(Material shown begins)

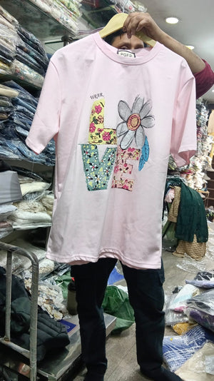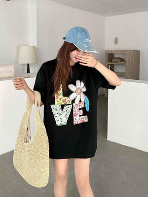 This Floral Love T-Shirt features an oversized fit, perfect for a casual, chic look. Its floral design adds a touch of romance, making it a versatile piece for any occasion. Embrace effortless style with this must-have addition to your wardrobe.
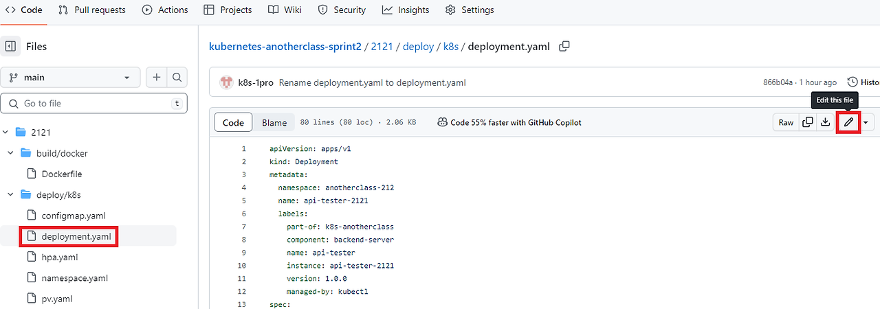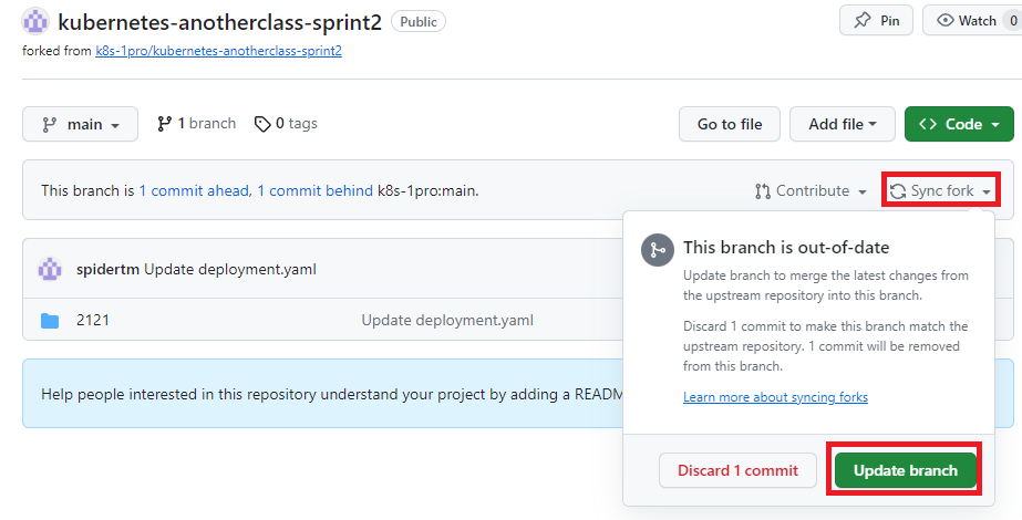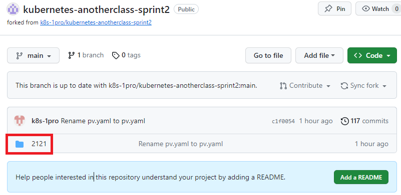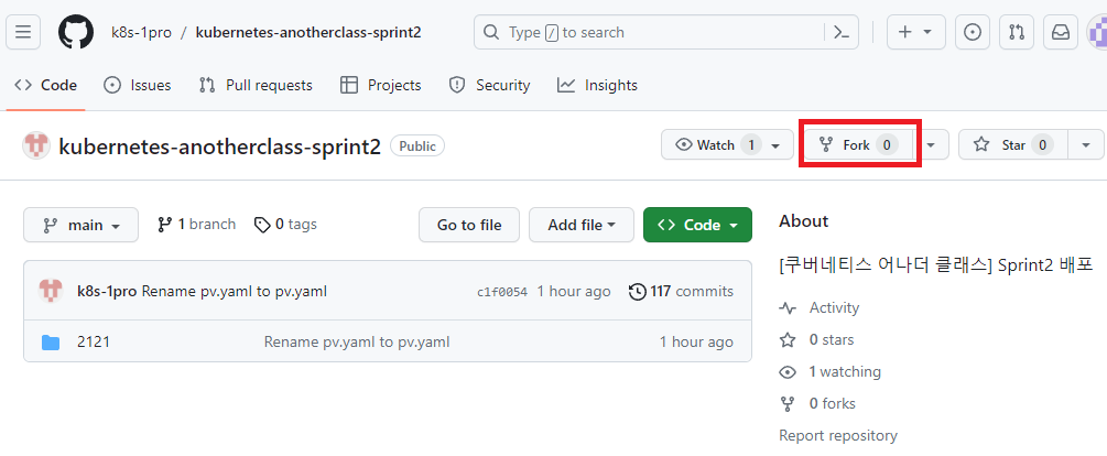 Repository URL : https://github.com/<Your-Github-Uesrname>/kubernetes-anotherclass-sprint2.git
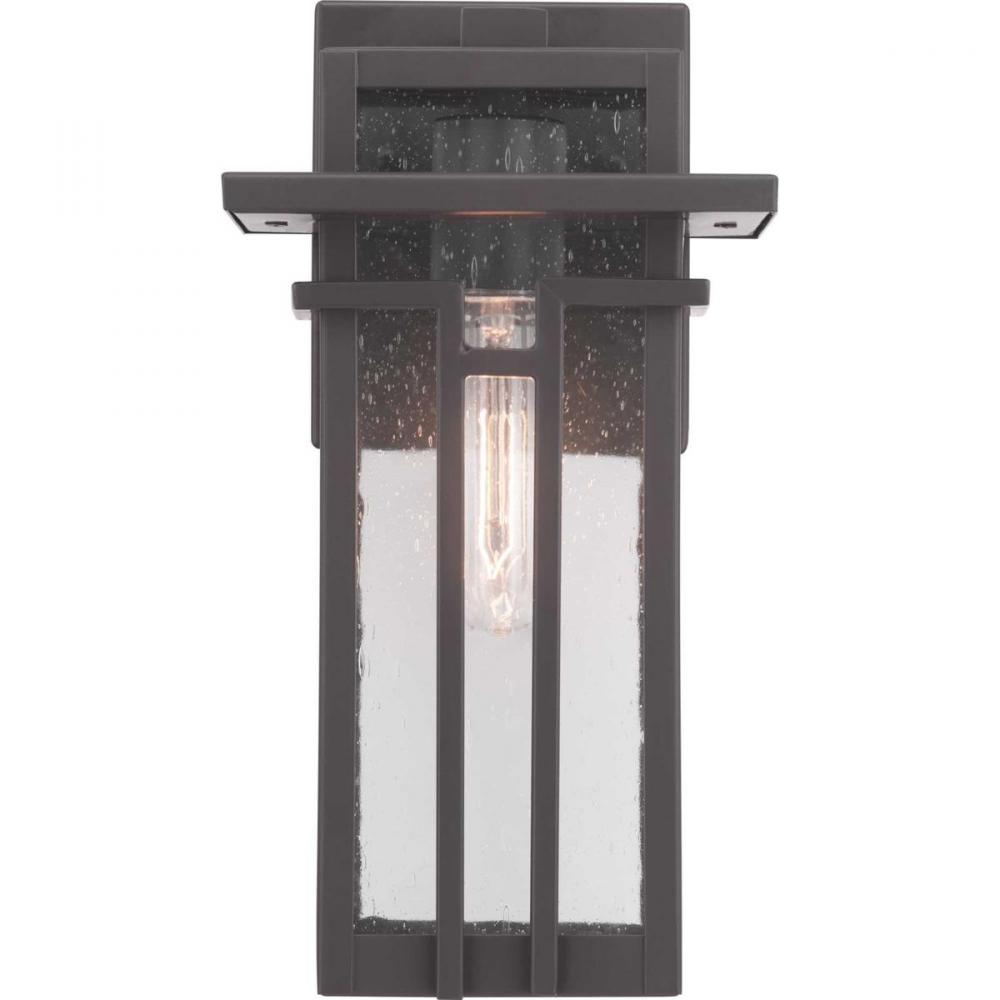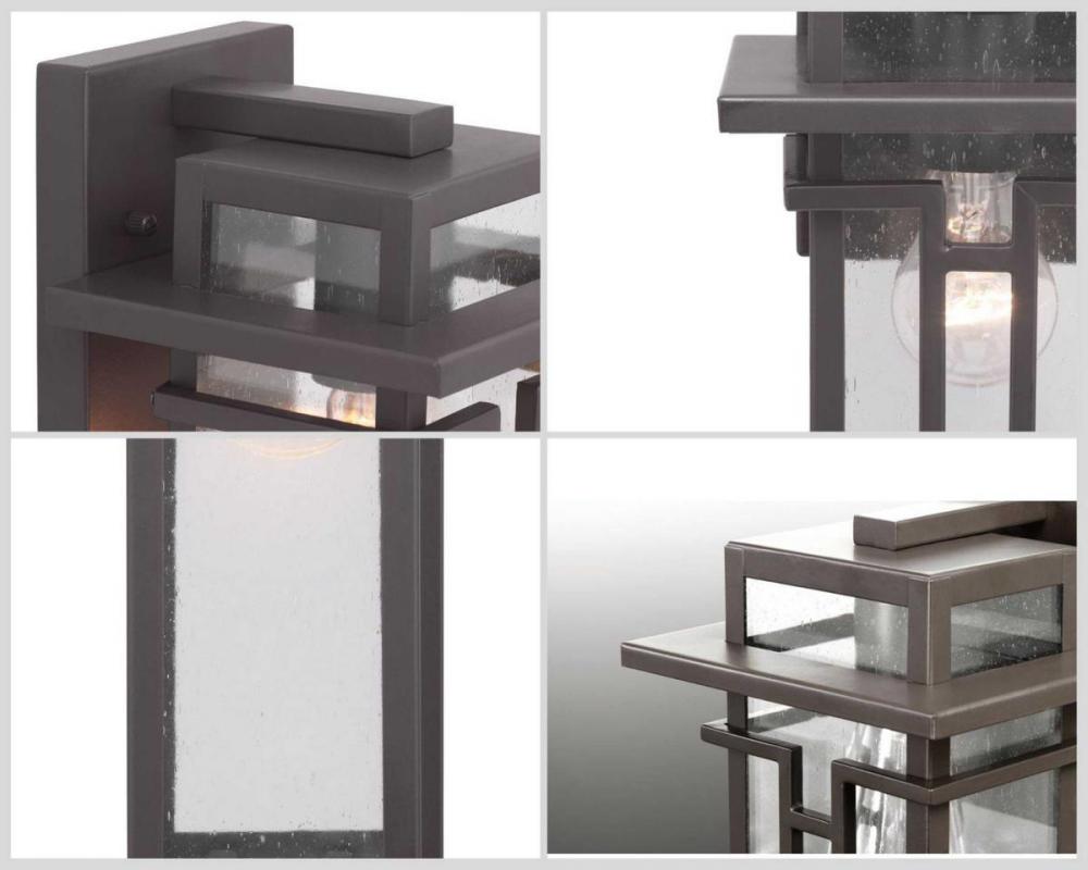 Geometric details in Boxwood’s design enhance Craftsman-inspired architecture. The one-light small wall lantern features clear seeded glass and finished in Antique Bronze which completes the authentic style.
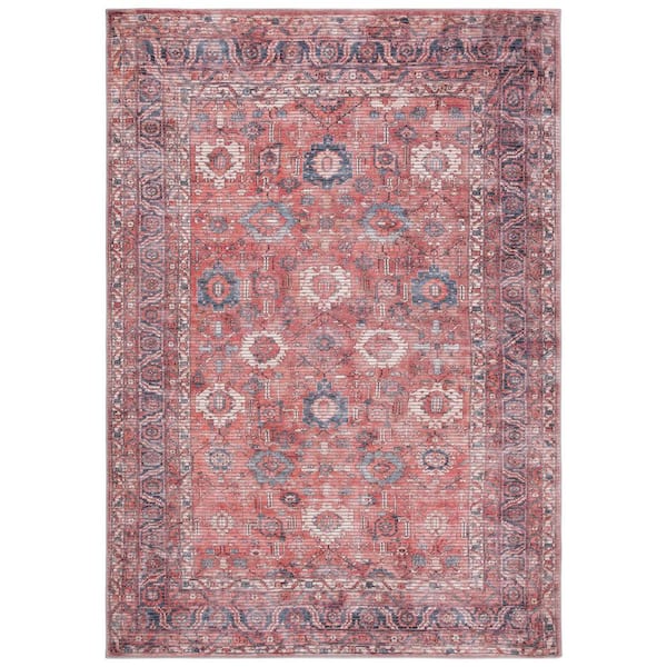 Serapi Rust/Blue 5 ft. x 8 ft. Machine Washable Border Ornate Area Rug
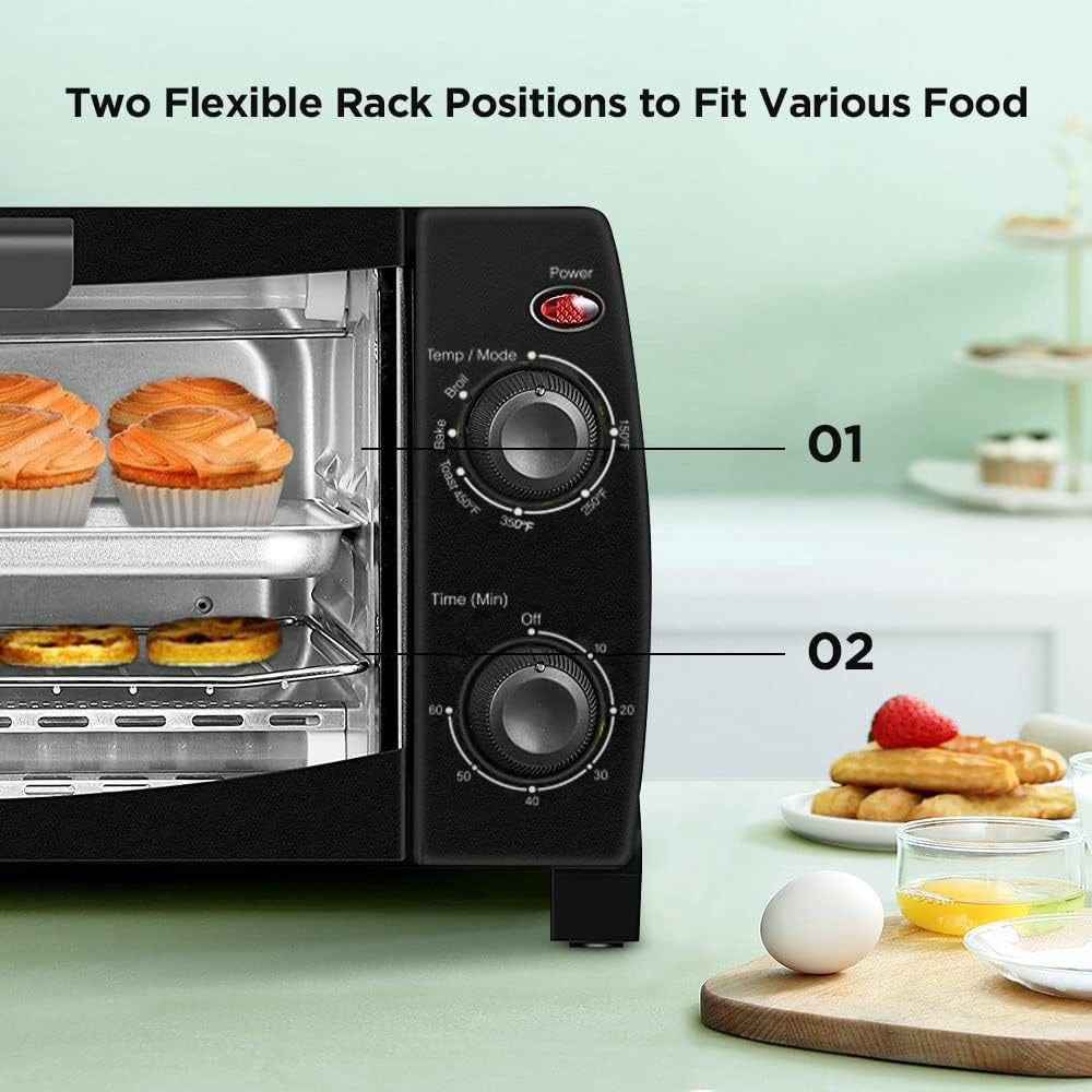 COMFEE- 4 Slice Small Toaster Oven Countertop. Retro Compact Design. Multi-Function with 30-Minute Timer. Bake. Broil. Toast. 1000 Watts. 2-Rack Capacity. Black (CFO-BB101)

(Material shown ends)

The records above are to be repeated exactly, apart from their pictures.

 This Floral Love T-Shirt features an oversized fit, perfect for a casual, chic look. Its floral design adds a touch of romance, making it a versatile piece for any occasion. Embrace effortless style with this must-have addition to your wardrobe.
 Repository URL : https://github.com/<Your-Github-Uesrname>/kubernetes-anotherclass-sprint2.git
 Geometric details in Boxwood’s design enhance Craftsman-inspired architecture. The one-light small wall lantern features clear seeded glass and finished in Antique Bronze which completes the authentic style.
 Serapi Rust/Blue 5 ft. x 8 ft. Machine Washable Border Ornate Area Rug
 COMFEE- 4 Slice Small Toaster Oven Countertop. Retro Compact Design. Multi-Function with 30-Minute Timer. Bake. Broil. Toast. 1000 Watts. 2-Rack Capacity. Black (CFO-BB101)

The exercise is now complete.